Five hours after thawing, many samples frozen with the skimmed milk extender were found to no longer contain motile spermatozoa. Specifically, data could be obtained neither from male 2 samples frozen with this extender in H2 or H5, nor from male 1, nor from the pool of samples in H5 with the skimmed milk extender. Male 3 did not provide any ejaculate reaching H5 with motile sperm with the Thilmant extender. However, the frozen samples with the IMIDA extender provided results at all hours of evaluation and all males.
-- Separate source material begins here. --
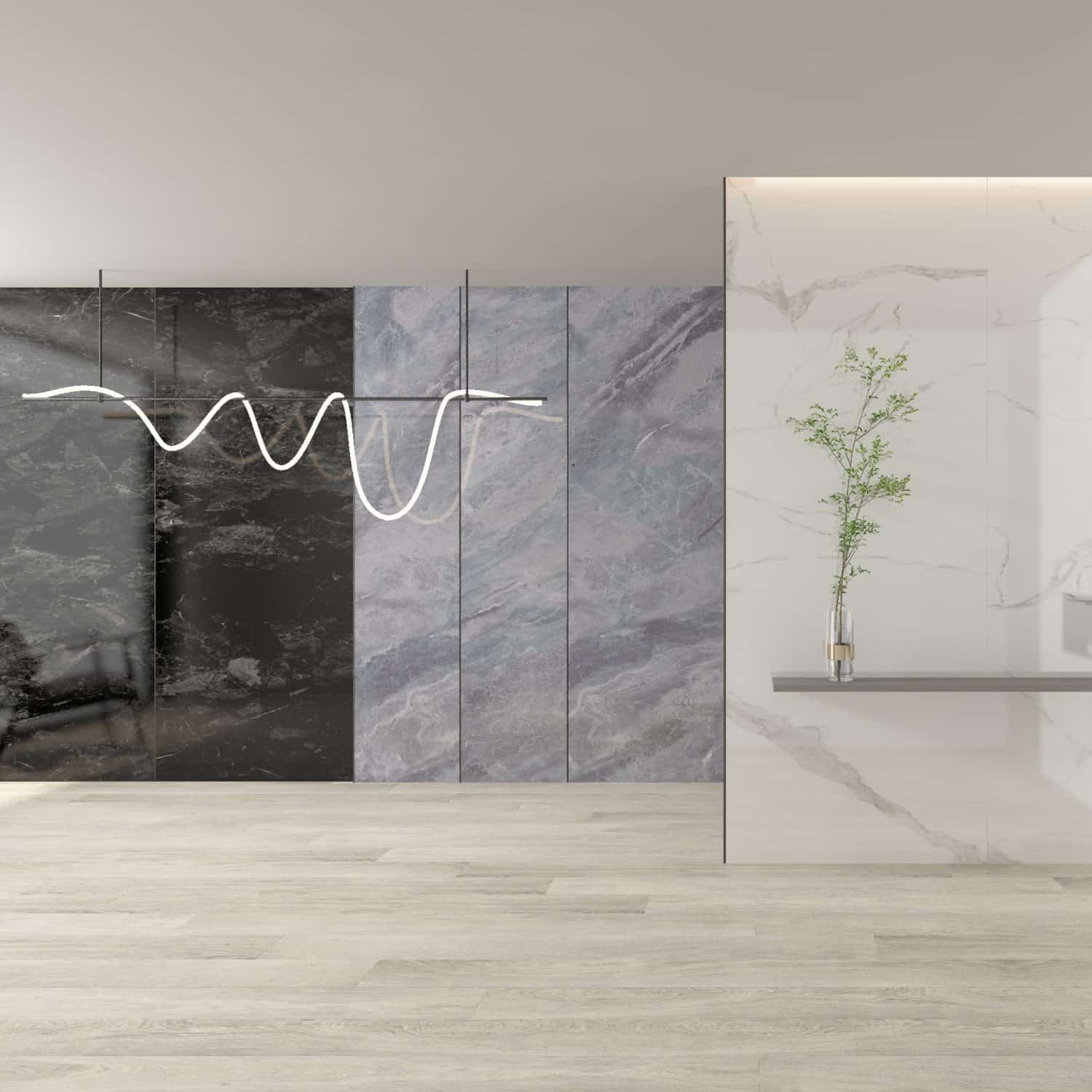 Bring timeless elegance to any interior with WALLS Marble Panels. Designed to replicate the luxurious look of natural stone, these lightweight panels are available in stunning shades like Blanco Ibiza, Marengo Gray, and Bardiglio Gray. Perfect for residential or commercial spaces, they offer the refined beauty of marble with modern durability and easy maintenance. Crafted for precision and simplicity, the panels feature a nail-free installation using tongue-and-groove joints or aluminum trims for a seamless finish. Paired with matching corner, edge, and skirting trims, WALLS Marble Panels deliver a polished, cohesive look that transforms ordinary walls into sophisticated design statements.

Comparison of extenders by subjective microscopic observation (Table 9, Table 10, Table 11 and Table 12) revealed less significant differences than the CASA evaluation system. However, it is interesting to mention that the skim milk extender is also the one that offered the lowest averages throughout this evaluation, with significant differences especially in the freshly thawed samples (H0). The averages for the Thilmant and IMIDA extenders were more similar.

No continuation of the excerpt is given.